TASK STATEMENT:
The records below are to be restated word for word, with their images omitted.

EXERCISE INPUTS:

● ● ● ● ● ● ●

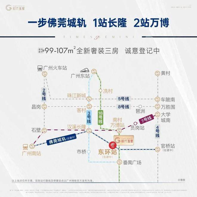 从交通区位来看,项目地处“五横五纵”路网核心,紧邻城轨东环站(在建中),交通优势十分明显。城轨东环站建成开通后,将成为区域重要的交通枢纽,1站可达长隆站,可换乘地铁3号线、7号线;2站到万博,可换乘18号线;6站直达珠江新城,轻松通达广州各个核心区域,完美适配在核心商圈上班的刚需人群。同时,项目距离广州南站不远,广州南站作为华南地区最大的交通枢纽,汇聚了高铁、城际轨道、地铁等多种交通方式,从广州南站出发,1小时可速达港澳,高铁可直达全国各大城市,无论是商务出差还是异地出行,都能轻松便捷,节省大量时间。自驾出行方面,项目周边路网完善,可快速连接广珠西线、东新高速、新光快速、华南快速、南沙港快速等多条高速线路,直达天河、海珠、越秀等广州核心区域,通勤效率极高,实地实测显示,从项目自驾到万博CBD核心区仅需10分钟左右,到珠江新城仅需30分钟左右,到广州白云机场仅需50分钟左右,无论是日常通勤还是周末出游,都十分便捷。
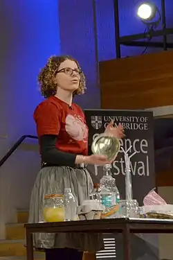 In October 2011, she appeared on BBC Radio 4's The Museum of Curiosity. Her hypothetical donation to this fictional museum was a tank full of seahorses.[5] In 2013 she spoke at a TEDx event, TEDxLSE, at the London School of Economics.[6] In April 2018, she was a judge for the UK finals of the FameLab competition.[7] In 2021 she was a guest on the BBC Radio 4 programme The Life Scientific.[1]
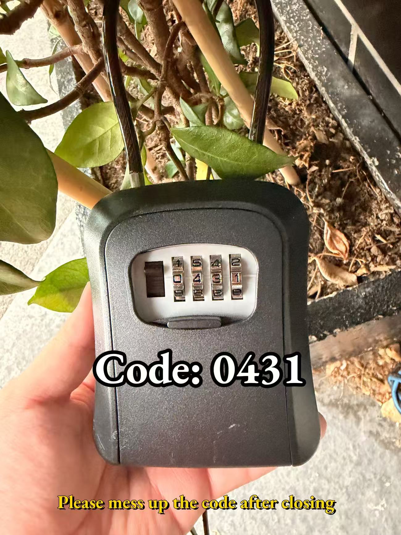 After retrieving the key, please turn the numbers on the lockbox to a random position to lock it properly.
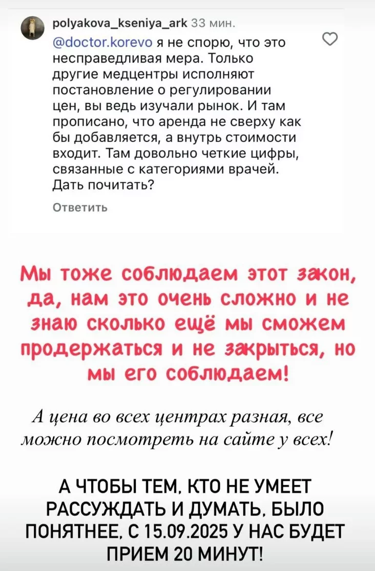 — Košt pryjomu doktara — heta zarobak doktara (15—20%) plus vypłaty ŭ Fond sacyjalnaj abarony nasielnictva i padachodny padatak (15%), plus zarobki ŭsiaho absłuhoŭvajučaha piersanału (administratary, juryst, miedsiastra, dyrektar, buchhałtar, koł-centr — heta jašče 20%), arhanizacyja pryjomu (pamiaškańnie, staronnija arhanizacyi, raschodnyja materyjały i inšaje — 30—40%), plus prybytak zasnavalnikaŭ (3—5%), plus padatak.
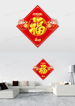 2023红色卡通可爱兔年对联福字门神兔子新年装饰
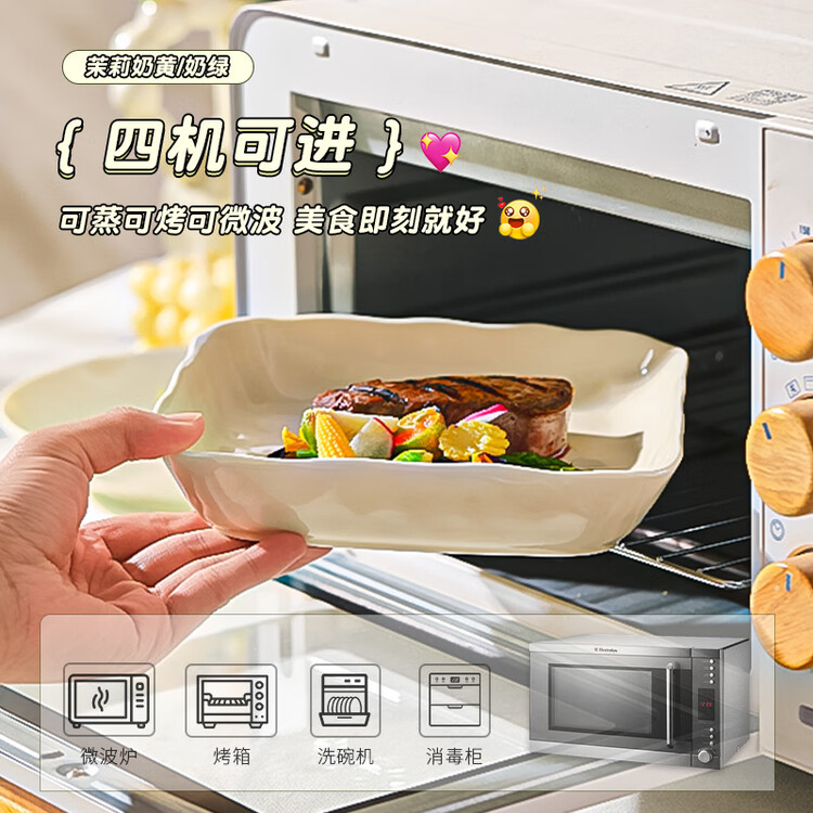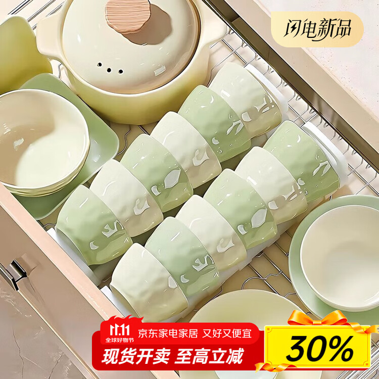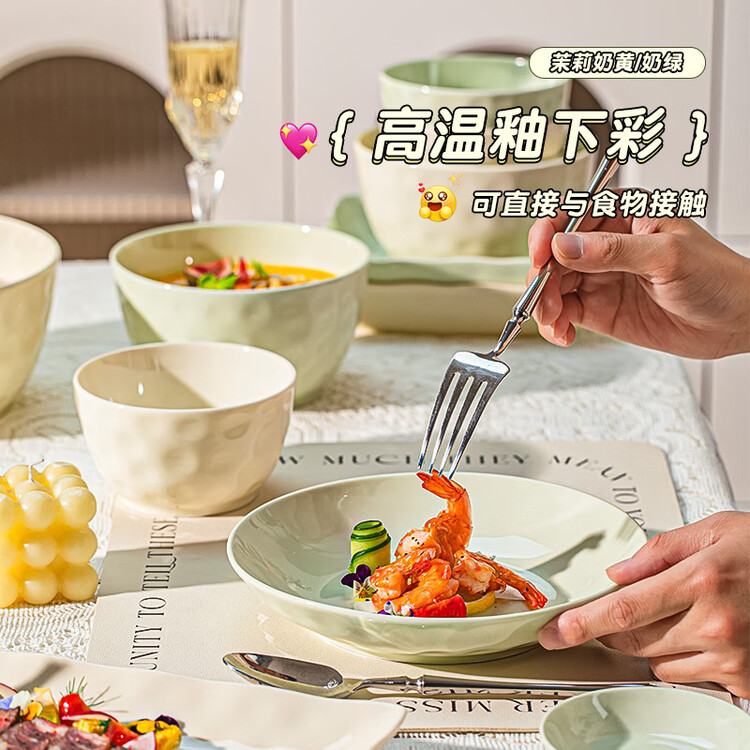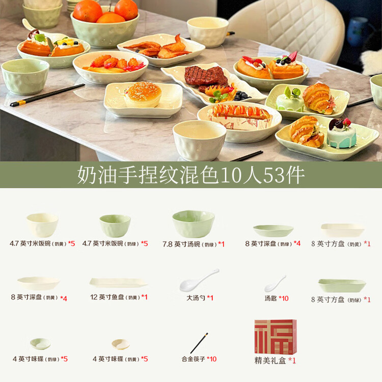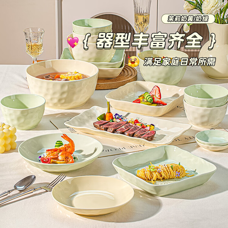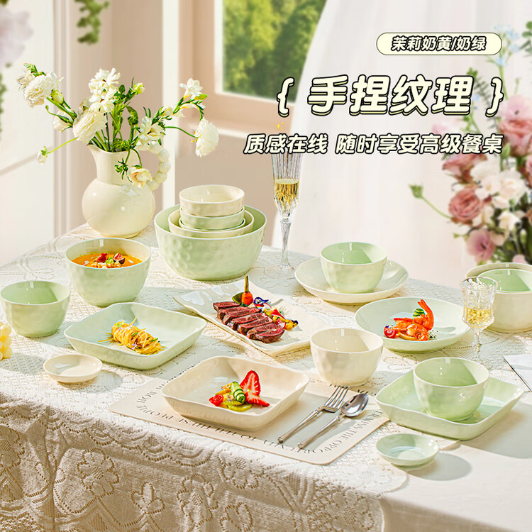 Luowei Набор посуды кремовый и зеленый, керамический подглазурный, 72 предмета
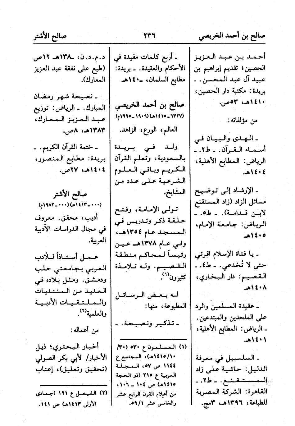 (¬1) المسلمون ع 530 (30/ 10/1415 هـ)، المجتمع ع 1144 ص 57، المجلة العربية ع 215 (ذو الحجة 1415 هـ) ص 104 - 106، من أعلام القرن الرابع عشر والخامس عشر 1/ 59.
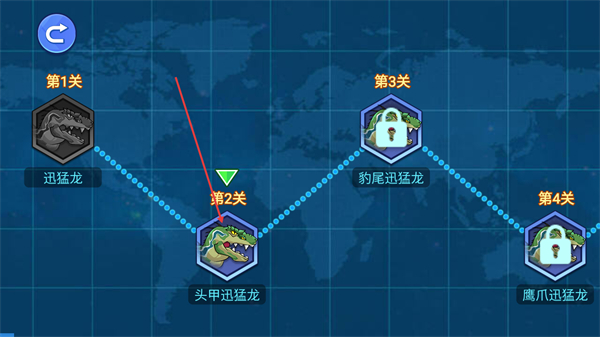 1、在关卡地图界面,点击第2关对应的头甲迅猛龙关卡入口,即可进入该关卡的战斗环节推进游戏进程。
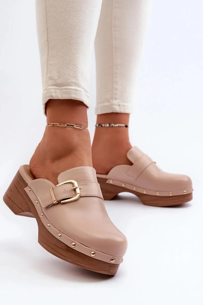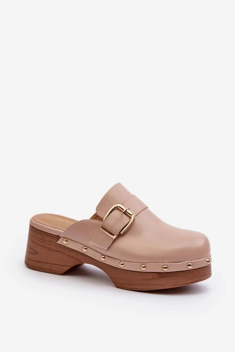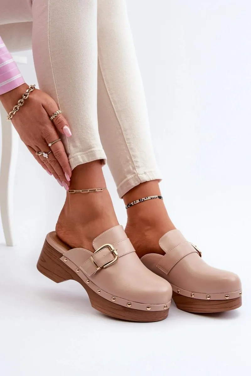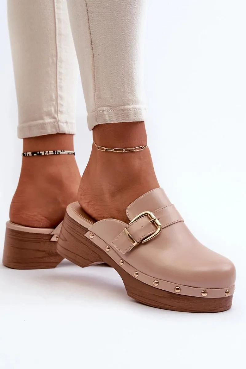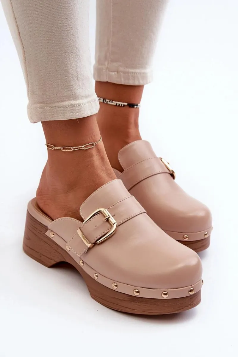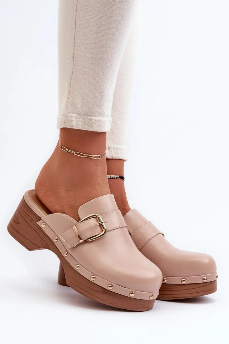 Lekkie klapki osadzone na obcasie i platformie, co nadaje im subtelny wyraz. Na cholewce pasek z klamrą oraz ozdobne ćwieki wokół podeszwy. Wykonane z eko skóry, zarówno cholewka, jak i wkładka gwarantują trwałość i komfort noszenia. Ten model świetnie komponuje się z codziennymi stylizacjami, dodając im nuty szyku i wyrafinowania. Przy wyborze rozmiaru prosimy sugerować się tabelą rozmiarów.

● ● ● ● ● ● ●

ANSWER BOX:
 从交通区位来看,项目地处“五横五纵”路网核心,紧邻城轨东环站(在建中),交通优势十分明显。城轨东环站建成开通后,将成为区域重要的交通枢纽,1站可达长隆站,可换乘地铁3号线、7号线;2站到万博,可换乘18号线;6站直达珠江新城,轻松通达广州各个核心区域,完美适配在核心商圈上班的刚需人群。同时,项目距离广州南站不远,广州南站作为华南地区最大的交通枢纽,汇聚了高铁、城际轨道、地铁等多种交通方式,从广州南站出发,1小时可速达港澳,高铁可直达全国各大城市,无论是商务出差还是异地出行,都能轻松便捷,节省大量时间。自驾出行方面,项目周边路网完善,可快速连接广珠西线、东新高速、新光快速、华南快速、南沙港快速等多条高速线路,直达天河、海珠、越秀等广州核心区域,通勤效率极高,实地实测显示,从项目自驾到万博CBD核心区仅需10分钟左右,到珠江新城仅需30分钟左右,到广州白云机场仅需50分钟左右,无论是日常通勤还是周末出游,都十分便捷。
 In October 2011, she appeared on BBC Radio 4's The Museum of Curiosity. Her hypothetical donation to this fictional museum was a tank full of seahorses.[5] In 2013 she spoke at a TEDx event, TEDxLSE, at the London School of Economics.[6] In April 2018, she was a judge for the UK finals of the FameLab competition.[7] In 2021 she was a guest on the BBC Radio 4 programme The Life Scientific.[1]
 After retrieving the key, please turn the numbers on the lockbox to a random position to lock it properly.
 — Košt pryjomu doktara — heta zarobak doktara (15—20%) plus vypłaty ŭ Fond sacyjalnaj abarony nasielnictva i padachodny padatak (15%), plus zarobki ŭsiaho absłuhoŭvajučaha piersanału (administratary, juryst, miedsiastra, dyrektar, buchhałtar, koł-centr — heta jašče 20%), arhanizacyja pryjomu (pamiaškańnie, staronnija arhanizacyi, raschodnyja materyjały i inšaje — 30—40%), plus prybytak zasnavalnikaŭ (3—5%), plus padatak.
 2023红色卡通可爱兔年对联福字门神兔子新年装饰
 Luowei Набор посуды кремовый и зеленый, керамический подглазурный, 72 предмета
 (¬1) المسلمون ع 530 (30/ 10/1415 هـ)، المجتمع ع 1144 ص 57، المجلة العربية ع 215 (ذو الحجة 1415 هـ) ص 104 - 106، من أعلام القرن الرابع عشر والخامس عشر 1/ 59.
 1、在关卡地图界面,点击第2关对应的头甲迅猛龙关卡入口,即可进入该关卡的战斗环节推进游戏进程。
 Lekkie klapki osadzone na obcasie i platformie, co nadaje im subtelny wyraz. Na cholewce pasek z klamrą oraz ozdobne ćwieki wokół podeszwy. Wykonane z eko skóry, zarówno cholewka, jak i wkładka gwarantują trwałość i komfort noszenia. Ten model świetnie komponuje się z codziennymi stylizacjami, dodając im nuty szyku i wyrafinowania. Przy wyborze rozmiaru prosimy sugerować się tabelą rozmiarów.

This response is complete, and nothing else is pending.